For this exercise, copy exactly the lines below from the one with "Pitras village is" through the one with "Exquisitos chiles poblanos" and leave out the pictures.

Stored entries:
....

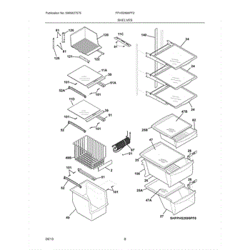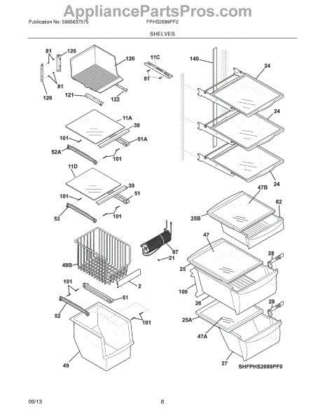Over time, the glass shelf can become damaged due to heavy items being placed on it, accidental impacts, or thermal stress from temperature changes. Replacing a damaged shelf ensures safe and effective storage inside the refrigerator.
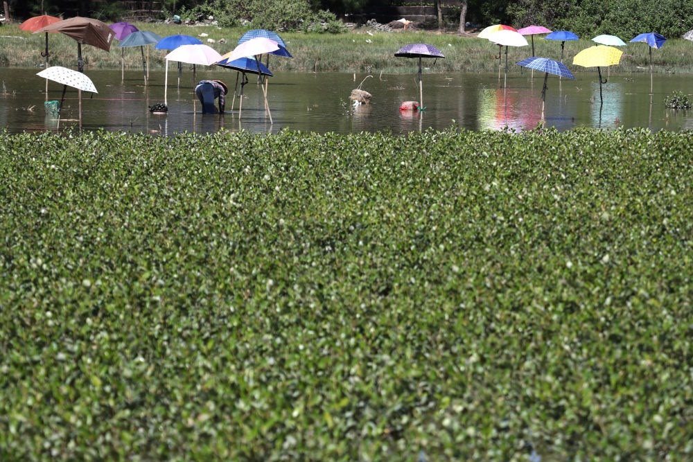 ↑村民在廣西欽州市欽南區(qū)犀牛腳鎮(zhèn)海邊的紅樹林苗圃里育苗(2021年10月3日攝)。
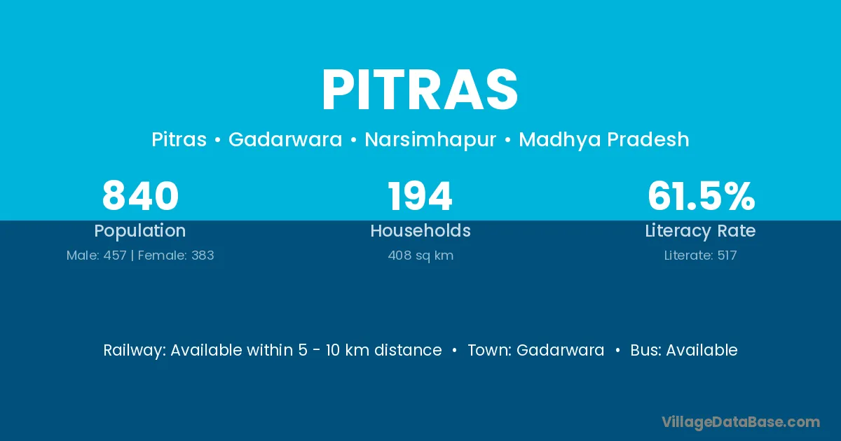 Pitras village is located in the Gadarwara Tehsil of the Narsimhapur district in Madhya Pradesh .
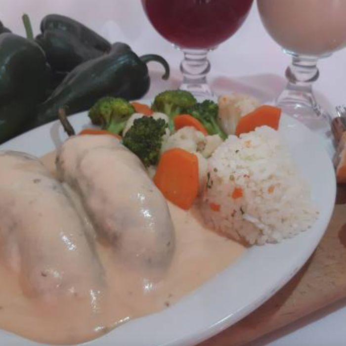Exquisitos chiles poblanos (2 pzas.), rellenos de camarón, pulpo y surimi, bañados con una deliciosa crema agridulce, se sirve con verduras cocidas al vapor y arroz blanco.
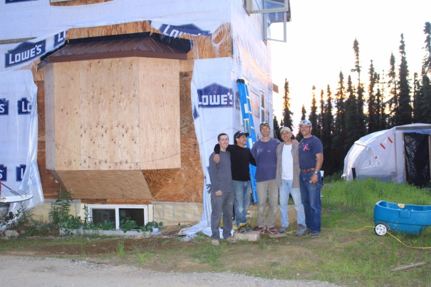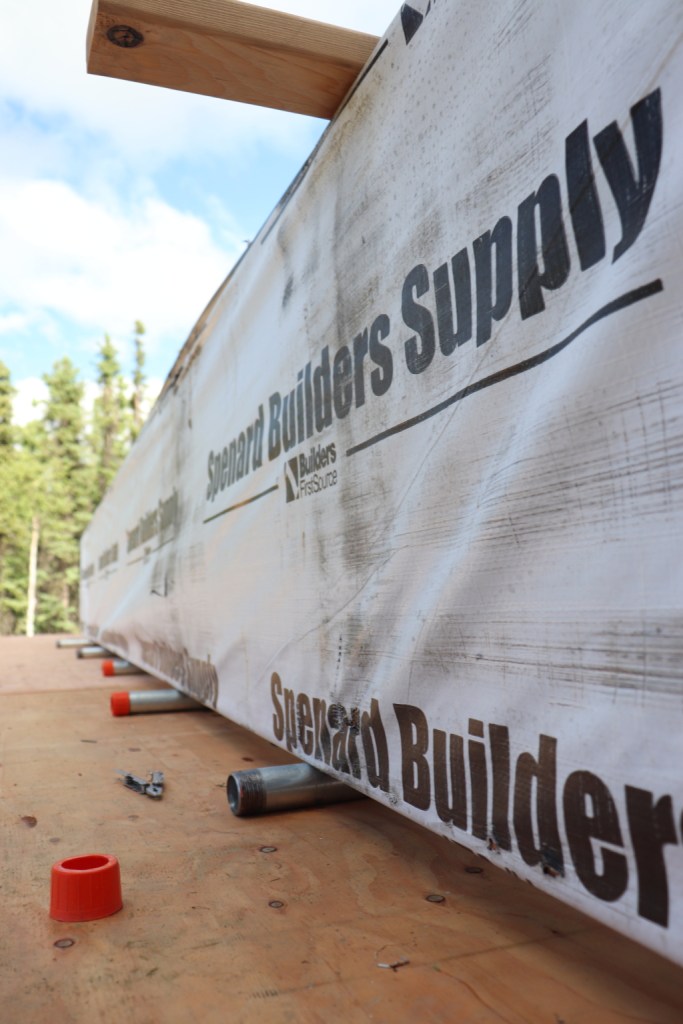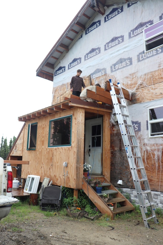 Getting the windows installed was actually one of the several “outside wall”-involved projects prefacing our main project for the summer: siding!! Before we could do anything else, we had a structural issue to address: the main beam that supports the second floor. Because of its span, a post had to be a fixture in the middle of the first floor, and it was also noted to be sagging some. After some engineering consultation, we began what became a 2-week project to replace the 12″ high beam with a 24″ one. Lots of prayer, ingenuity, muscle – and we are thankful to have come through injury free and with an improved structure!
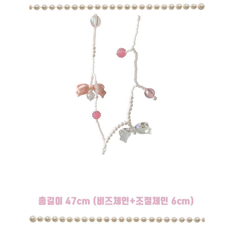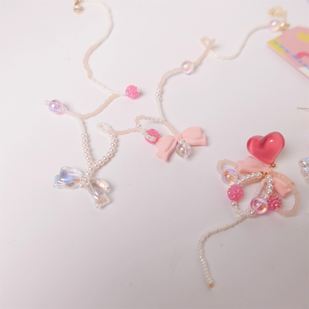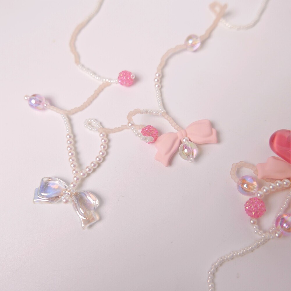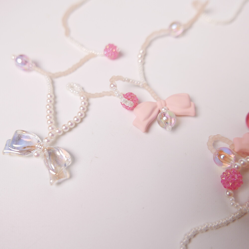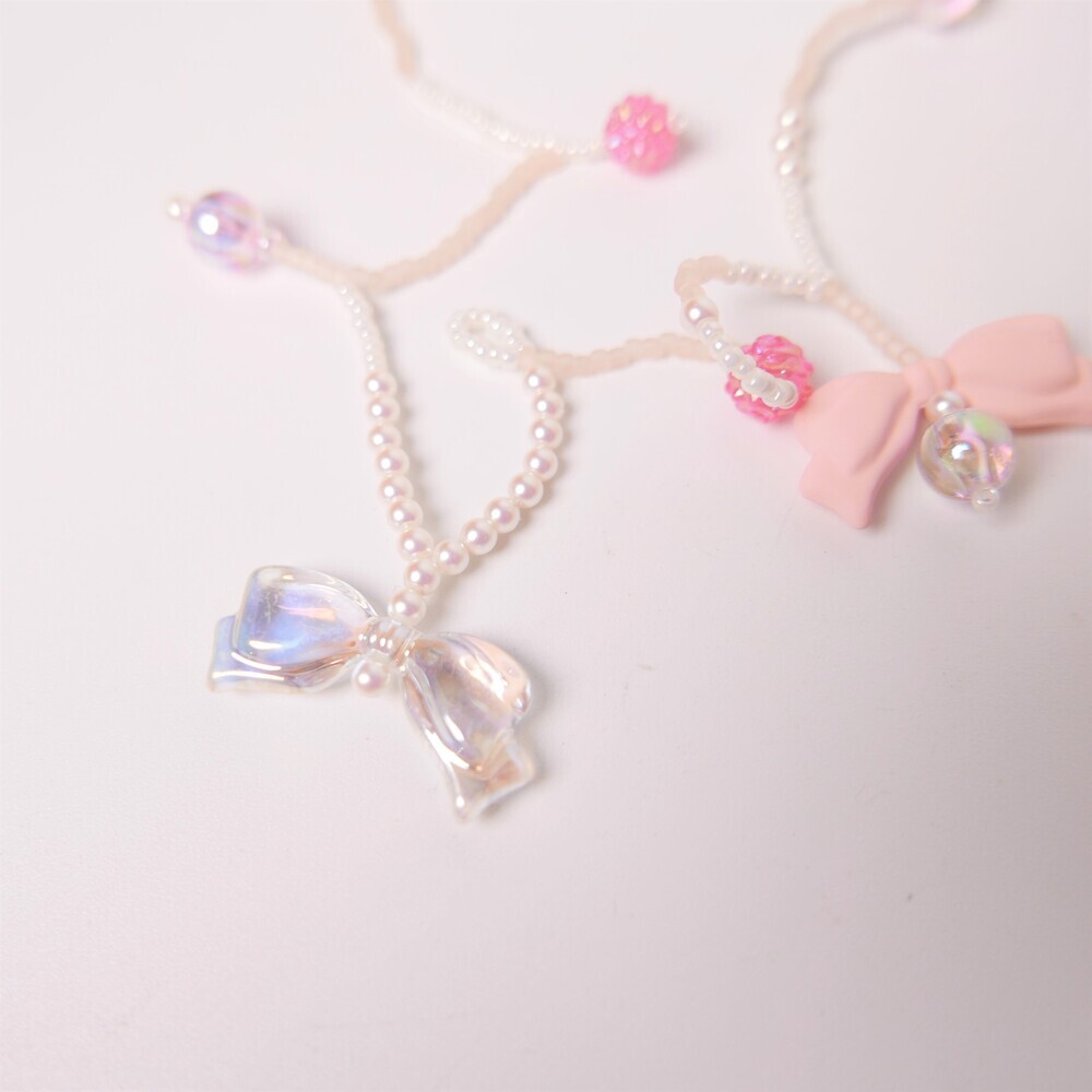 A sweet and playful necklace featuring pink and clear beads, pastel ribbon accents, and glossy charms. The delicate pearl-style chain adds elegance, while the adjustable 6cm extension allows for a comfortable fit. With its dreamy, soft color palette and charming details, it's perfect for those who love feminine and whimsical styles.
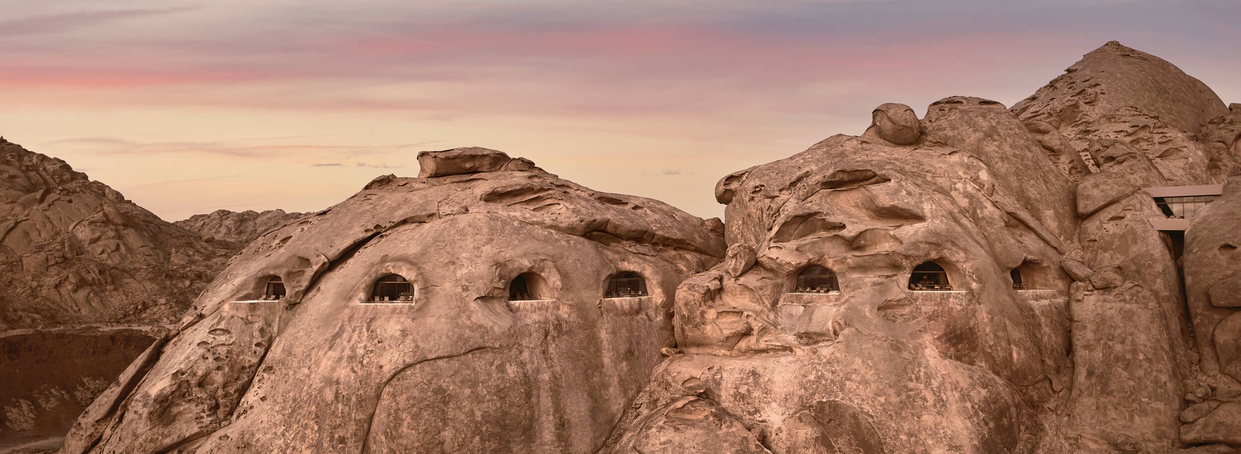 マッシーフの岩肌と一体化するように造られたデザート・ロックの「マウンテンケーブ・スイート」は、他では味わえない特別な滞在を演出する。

....

Exercise output:
 Pitras village is located in the Gadarwara Tehsil of the Narsimhapur district in Madhya Pradesh .
Exquisitos chiles poblanos (2 pzas.), rellenos de camarón, pulpo y surimi, bañados con una deliciosa crema agridulce, se sirve con verduras cocidas al vapor y arroz blanco.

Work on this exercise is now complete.